_TASK DIRECTIONS:_ From the line that contains "ปญหาเกยวกบ Pronoun Disagreement" down to the final line below, please repeat each line exactly and nothing more, with no pictures.

++++ RAW DATA ++++

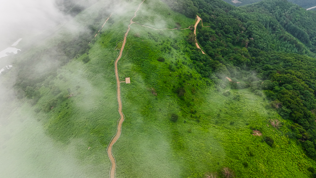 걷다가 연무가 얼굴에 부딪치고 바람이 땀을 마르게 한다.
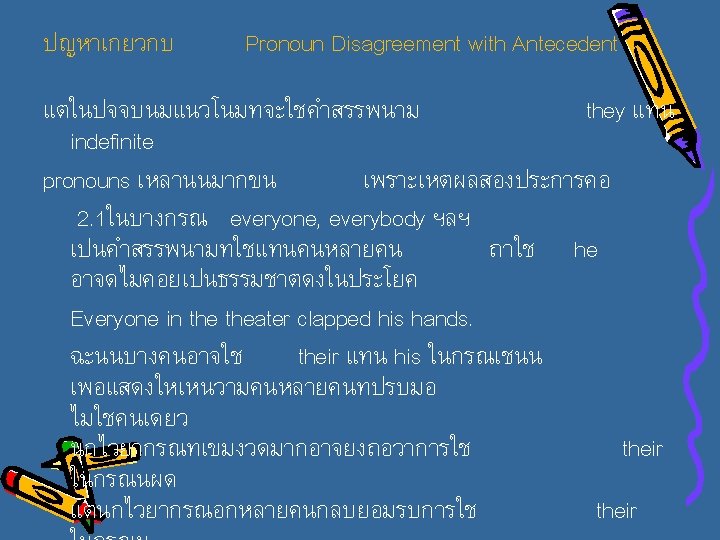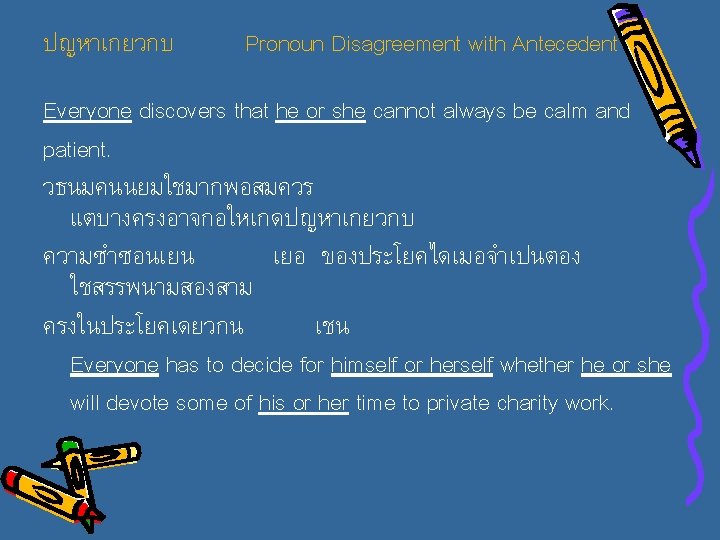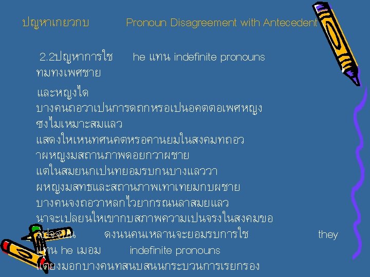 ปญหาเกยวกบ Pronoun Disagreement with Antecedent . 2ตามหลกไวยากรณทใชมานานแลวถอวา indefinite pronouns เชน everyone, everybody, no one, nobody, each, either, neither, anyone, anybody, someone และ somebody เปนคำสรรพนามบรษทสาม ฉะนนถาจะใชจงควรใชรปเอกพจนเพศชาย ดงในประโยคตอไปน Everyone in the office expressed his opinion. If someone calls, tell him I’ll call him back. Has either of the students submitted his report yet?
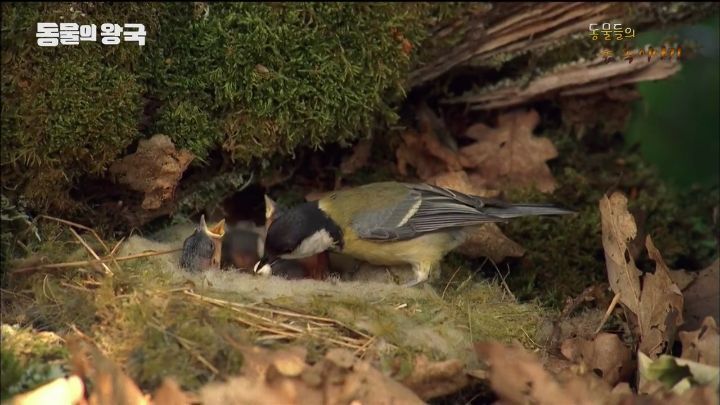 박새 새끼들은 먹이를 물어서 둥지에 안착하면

++++

_YOUR SOLUTION:_
 ปญหาเกยวกบ Pronoun Disagreement with Antecedent . 2ตามหลกไวยากรณทใชมานานแลวถอวา indefinite pronouns เชน everyone, everybody, no one, nobody, each, either, neither, anyone, anybody, someone และ somebody เปนคำสรรพนามบรษทสาม ฉะนนถาจะใชจงควรใชรปเอกพจนเพศชาย ดงในประโยคตอไปน Everyone in the office expressed his opinion. If someone calls, tell him I’ll call him back. Has either of the students submitted his report yet?
 박새 새끼들은 먹이를 물어서 둥지에 안착하면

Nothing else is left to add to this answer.